Since it is apparent that Trustee became aware that Cole received the proceeds, the crux of the matter is whether debtor knowingly and fraudulently failed to deliver the property to the trustee. See Campbell v. Buchanan (In re Buchanan), 2000 WL 33710888 (Bankr. D. S.C. 2000) (unpublished). "As used in § 727(d)(2), the phrase `knowingly and fraudulently' requires that the debtor's actions must have been taken with the knowing intent to defraud the trustee, or be so reckless so as to justify a finding that the debtor acted fraudulently.' In re Walter, 265 B.R. at 761 (citing Werner v. Puente (In re Puente), 49 B.R. 966, 969 (Bankr. W.D.N.Y. 1985)). The totality of the circumstances are considered in determining whether a debtor acted knowingly and fraudulently. See Rivera, 338 B.R. at 325 (citing Matter of Yonikus, 974 F.2d at 905-06 (7th Cir. 1992)); In re Helsel, Sr., 326 B.R. 591 (Bankr. W.D. Pa. 2005).
Trustee contends that Cole's act of cashing the check, made payable to "JOSIAH L. MASON TRUSTEE FOR BANKRUPTCY and FOR DAVID A. COL", and failing to deliver the proceeds or contact trustee, satisfies this element. Since Cole does not deny cashing the check or retaining the proceeds for more than a year, the court concludes Trustee has met his initial burden of proof on this element. In his defense, Cole argues that he did not receive any correspondence from his attorney about the proceeds until after the filing of Trustee's complaint as a result of a change of address. Cole, however, has not provided an affidavit in support of these facts. And since Trustee met his initial burden on this element, Cole is not entitled to rely on the bare allegations contained in his pleadings. See Huizinga v. U.S., 68 F.3d 139 (6th Cir. 1995) (citing Celotex Corp., 477 U.S. at 324); Villalon v. U.S. (In re Villalon), 253 B.R. 837 (Bankr. N.D. Ohio 2000) (citing Miller v. Lorain County Bd. of Elections, 141 F.3d 252, 256 (6th Cir. 1998)). Consequently, the court concludes Cole failed to establish the existence of a genuine issue of material fact on this element. As a result, Trustee has established both elements of a section 727(d)(2) action.
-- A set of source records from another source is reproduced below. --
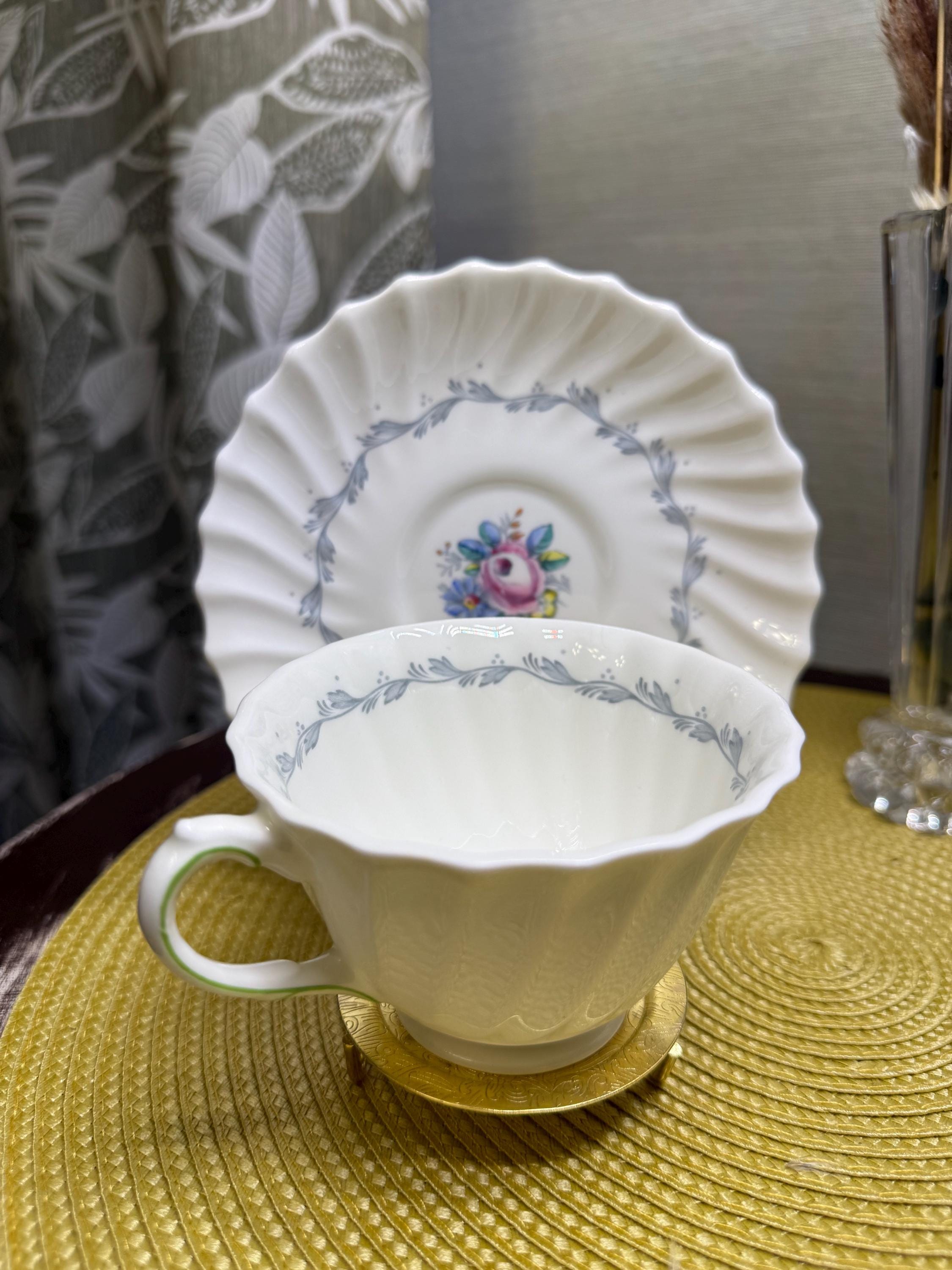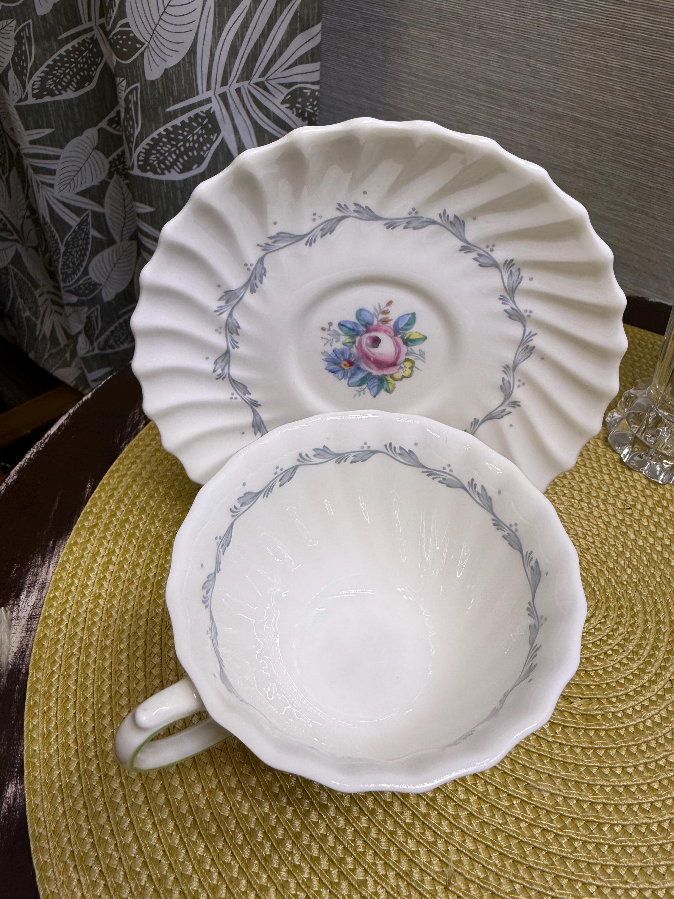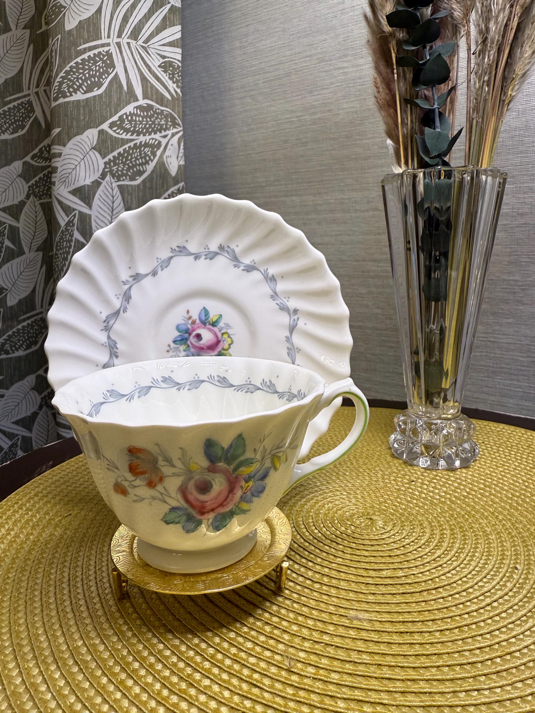 Crafted in England from fine bone China, this vintage duo embodies mid-century charm with its scalloped fluted edges, hand-painted floral bouquet, and soft, green-trimmed handle. A delicate gray garland encircles the rim, framing a rose centerpiece that feels straight from an English garden in bloom.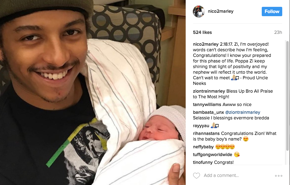 Lauryn Hill is a grandmother! The singer and Rohan Marley’s son, Zion, revealed on social media that he welcomed a son. Holding his newborn, he wrote:
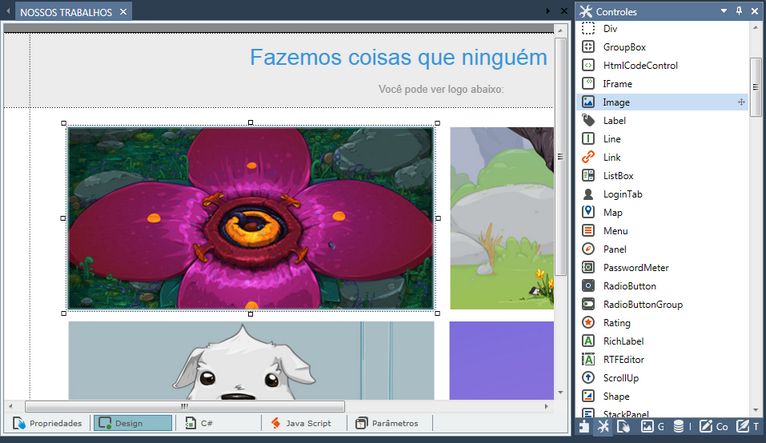 O controle Image insere uma figura no design.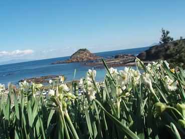 爪木崎園内には野水仙が群生していて水仙の香りがただよっていました。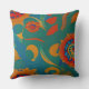 Moroccan gold red orange teal blue leaf Mandela Cushion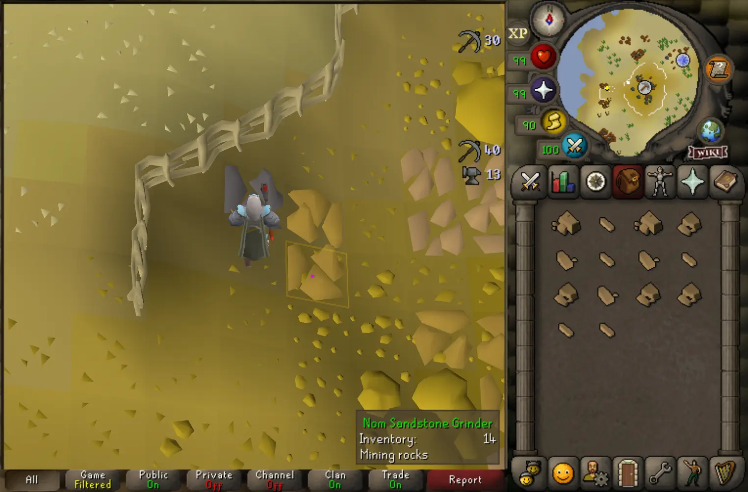 Just west of the quarry, Sandstorm is a grinding machine. Deposit sandstone (unnoted only); sand output depends on the weight of sandstone deposited. Claim buckets of sand from Drew for 50 coins each (plus a bucket). He can store up to 25,000 buckets (banknotes accepted).
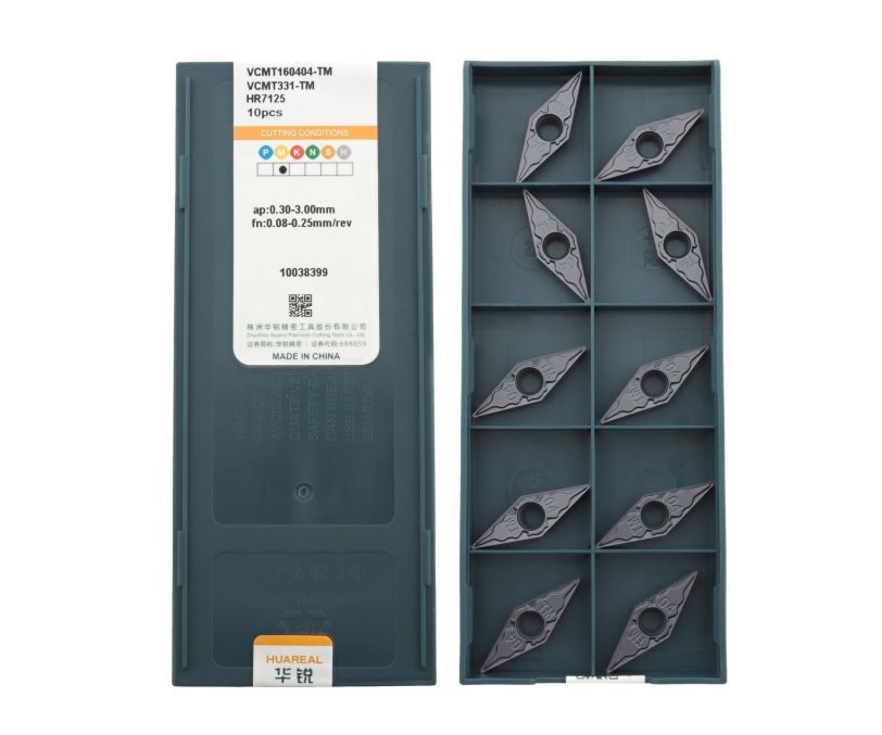 Твердосплавная сменная пластина VCMT160404-TM-HR7125 бренда Huareal применяется для получистовой обработки заготовок из нержавеющей стали.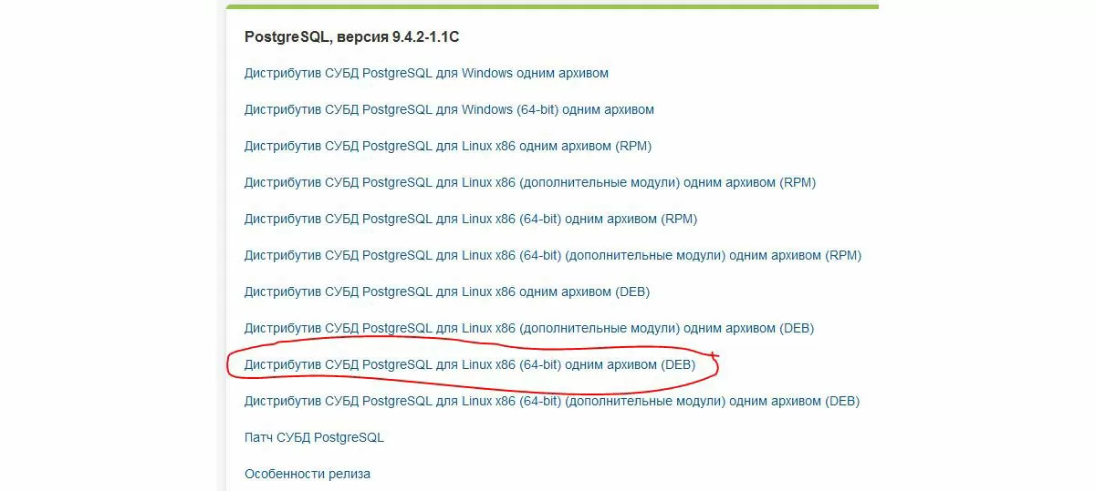 1.Скачиваем указанную позицию дистрибутива СУБД PostgreSQL: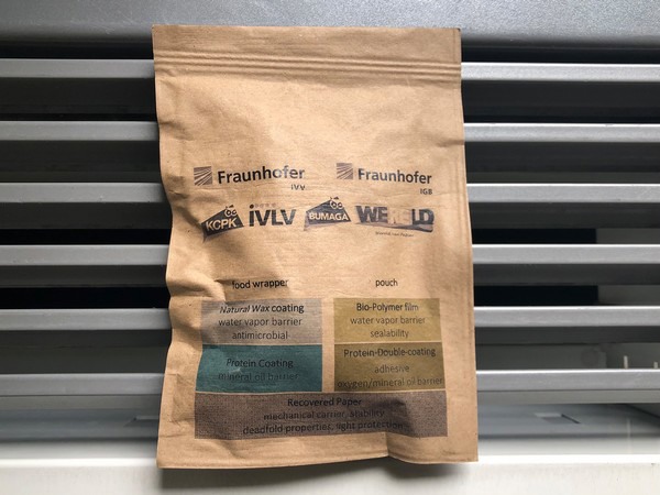 The Fraunhofer Institute for Process Engineering and Packaging IVV and the Fraunhofer Institute for Interfacial Engineering and Biotechnology IGB have now presented an innovative and sustainable solution for food packaging. Just as with conventional packaging, it keeps the food fresher for longer. The new packaging, though, involves no plastic whatsoever. After use, it can be recycled without a problem.

Even under the most liberal interpretation, the check was jointly payable to Trustee and Cole. Under no interpretation should Cole have understood the money to be his alone.
Interestingly, no change of address was filed with the court after the institution of this adversary proceeding.
CONCLUSION
Although revocations of discharge are harsh measures, the court finds Trustee met his burden of proof on the section 727(d)(2) claim. Cole clearly acquired property of the estate and cashed a check in which Trustee had a crystalline interest. Cole's failure to do more than rely on the allegations of his pleadings means that he has not demonstrated that a genuine issue of material fact exists. Trustee is entitled to judgment as a matter of law against Defendant-debtor David Allen Cole, Sr.
An order in accordance with this decision shall be entered contemporaneously.